Con la solennità di Nostro Signore Gesù Cristo Re dell’universo si conclude l’anno liturgico.
Quasi accompagnandoci per mano, nel Vangelo che sarà proclamato a Messa, Luca mostra il vero luogo della regalità di Gesù: la Croce.
Così scopriamo che il castello del nostro re è il Calvario; il suo trono, la Croce; la corona, il serto di spine, lo scettro, i Chiodi.
Posto in alto.
Spogliato di tutto.
Deriso da tutti.
Anche un malfattore lo prende in giro: “Non sei tu il Cristo? Salva te stesso e anche noi“.

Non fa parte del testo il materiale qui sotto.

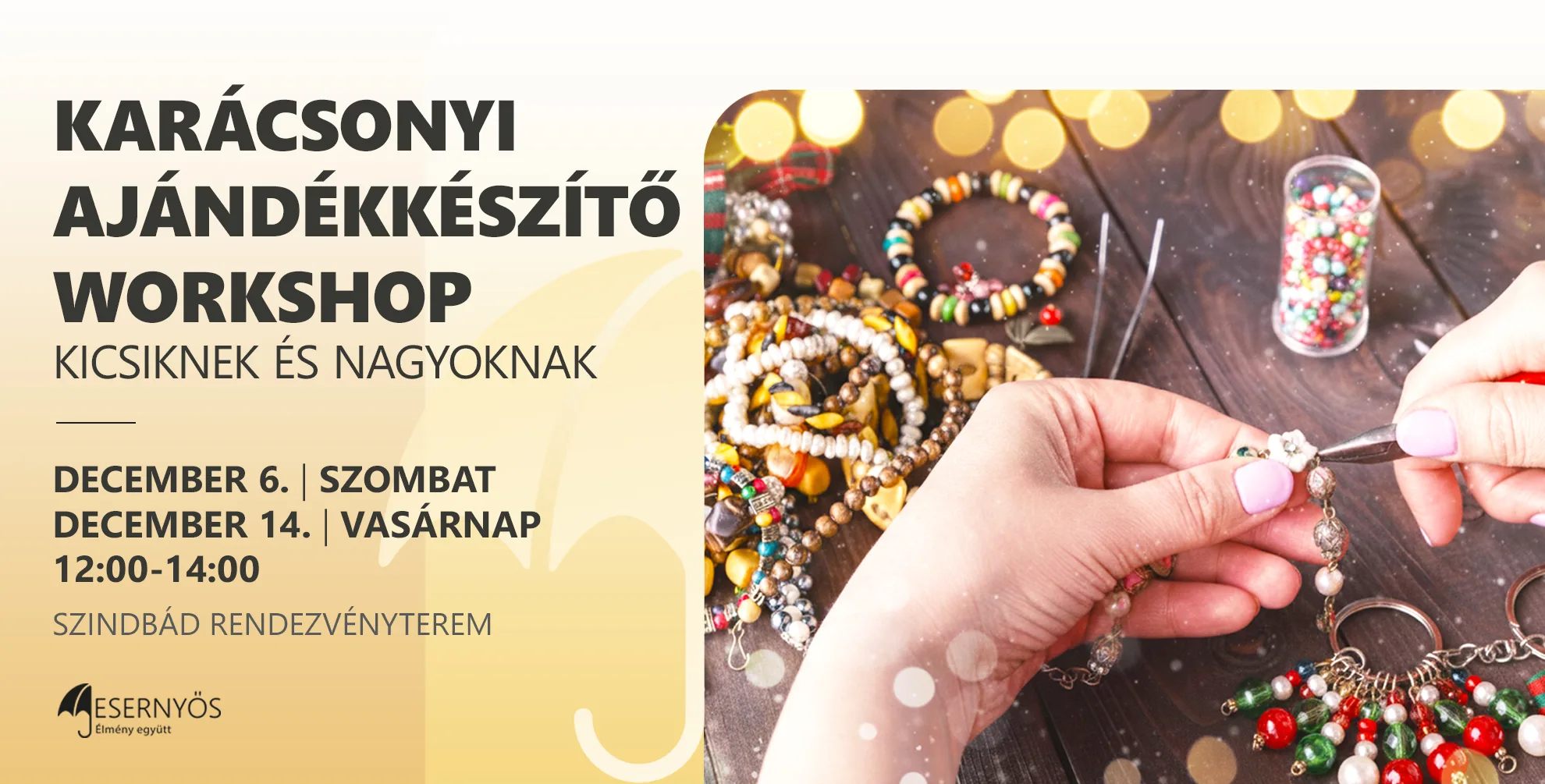 Szeretnél saját készítésű ajándékot adni szeretteidnek karácsonykor? Csatlakozz hamisítatlan karácsonyi hangulatú workshopunkhoz, ahol szuper gyöngy karkötő és kulcstartó készítő készségekre tehetsz szert!
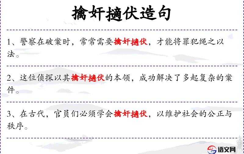 句子:“这位老警官的擒奸擿伏经验丰富,总能找到案件的突破口。”
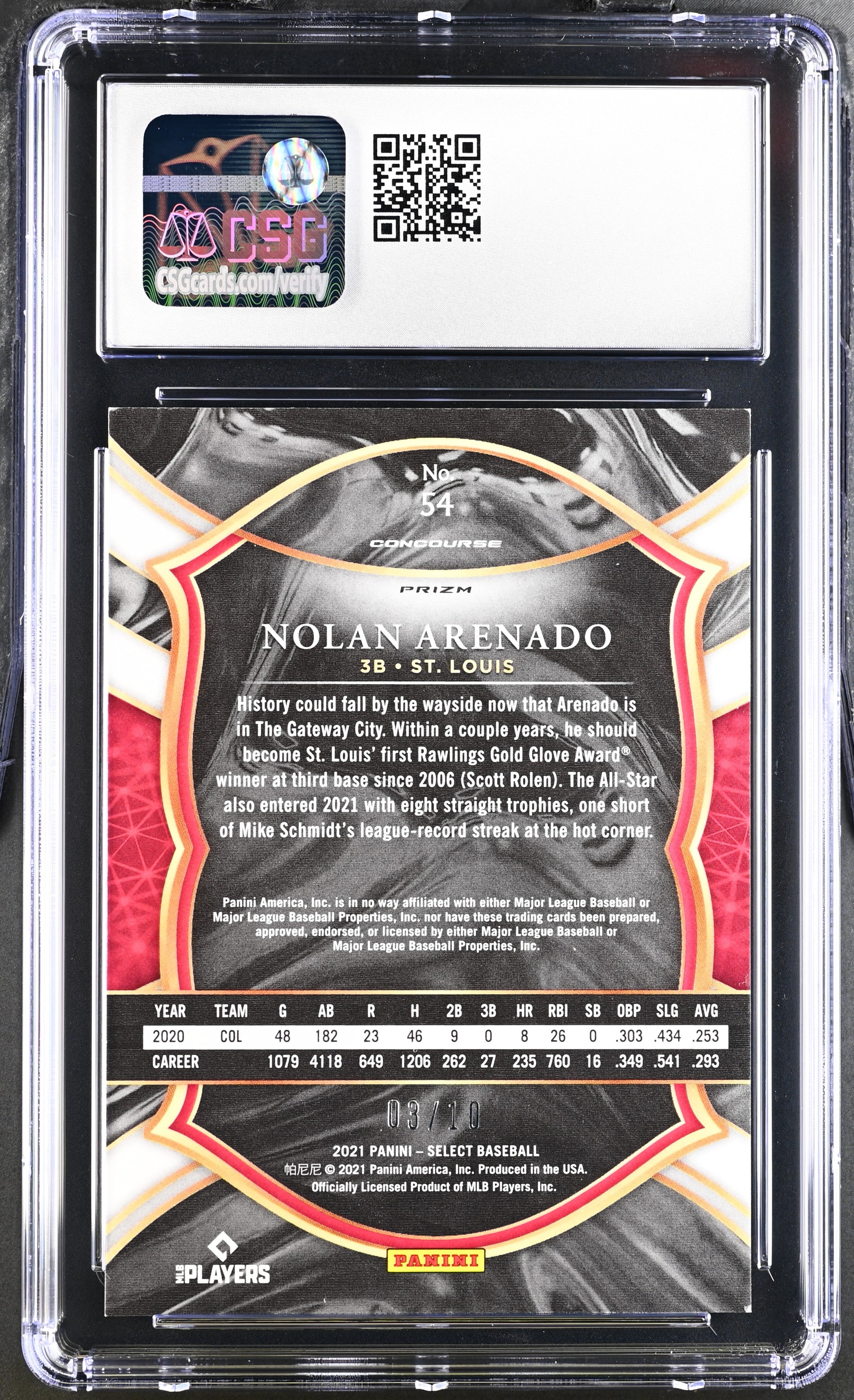 2021 Panini Select Concourse Pink Prizm /10 Nolan Arenado #54 CSG 8.5 Cardinals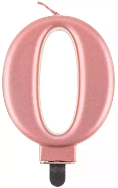 Świeczka urodzinowa. Cyfra 0, różowe złoto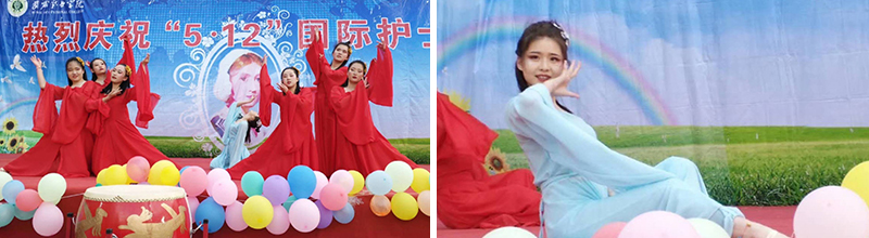 為展示技能大賽獲獎選手風采,參加2019年甘肅省護理技能大賽的獲獎學生代表進行了“心肺復(fù)蘇技術(shù)”表演,學院第六屆護理技能大賽獲獎選手代表進行了“右踝關(guān)節(jié)扭傷包扎技術(shù)”表演。之后,進行的文藝演出,為“5.12”慶祝護士節(jié)畫上了圓滿的句號。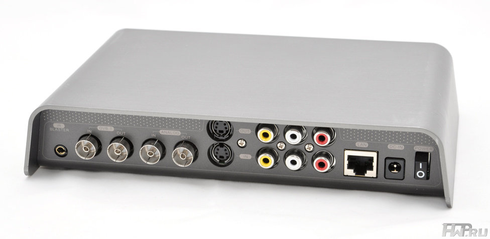 По набору гнёзд, сетевой тюнер больше напоминает сетевой медиаплеер, разве что, без HDMI порт. Слева направо здесь установлены: гнездо ИК-передатчика, сквозные гнёзда цифровой и аналоговой антенны, S-Video и композитные вход и выход, сетевой порт RJ45 и гнездо питания с выключателем. Плеер имеет 100-мегабитный сетевой контроллер, чего более чем достаточно для трансляции медиапотока HD качества со сжатием. Вообще, AverTV HomeFree Combo поддерживает HD-видео. Так что если в вашем регионе транслируются HD каналы в цифровом DVB-T формате, то пропускной способности сетевого порта должно хватить. Но об этом можно не задумываться - iPad не поддерживает HD видео, другие планшетники и телефоны - тоже.
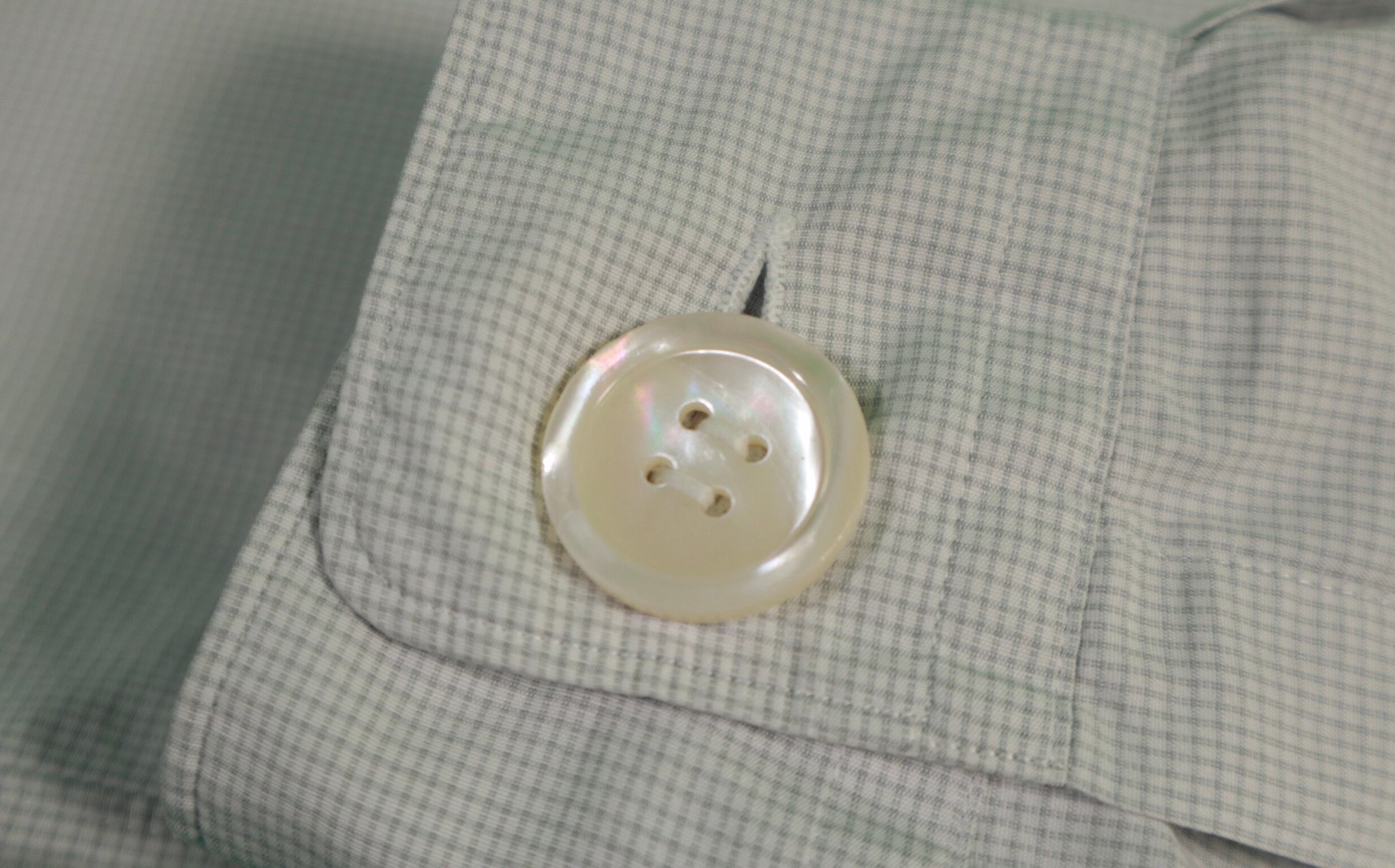 1番下のボタンから上に向かって段々ボタンが大きくなっていく「グラデーションボタン」の開襟シャツ。

Un secondo crocifisso che sente queste parole rimprovera l’amico: “Non ha fatto nulla di male“.
E poi si rivolge al Signore chiedendogli di ricordarsi di lui nel suo Regno.
Una preghiera inaspettata, improvvisata, che strappa la promessa delle promesse: “Oggi sarai con me in paradiso“.
Anche sulla Croce, nella sofferenza più grande, Gesù non finisce di amare.
Ecco, dunque chi è il nostro re: una persona che non fa nulla di male; anzi, ama spudoratamente.
Il suo regno irrompe nel mondo ogni volta che qualcuno, in lui, decide di non fare nulla di male e amare a senso unico.
Questa decisione si rafforza ogni volta che recitiamo il Padre nostro: “venga il tuo regno“.
Da “venga al tuo regno” (del buon ladrone) a “venga il tuo regno” (del Padre nostro)
Le due invocazioni sono conseguenza l’una dell’altra.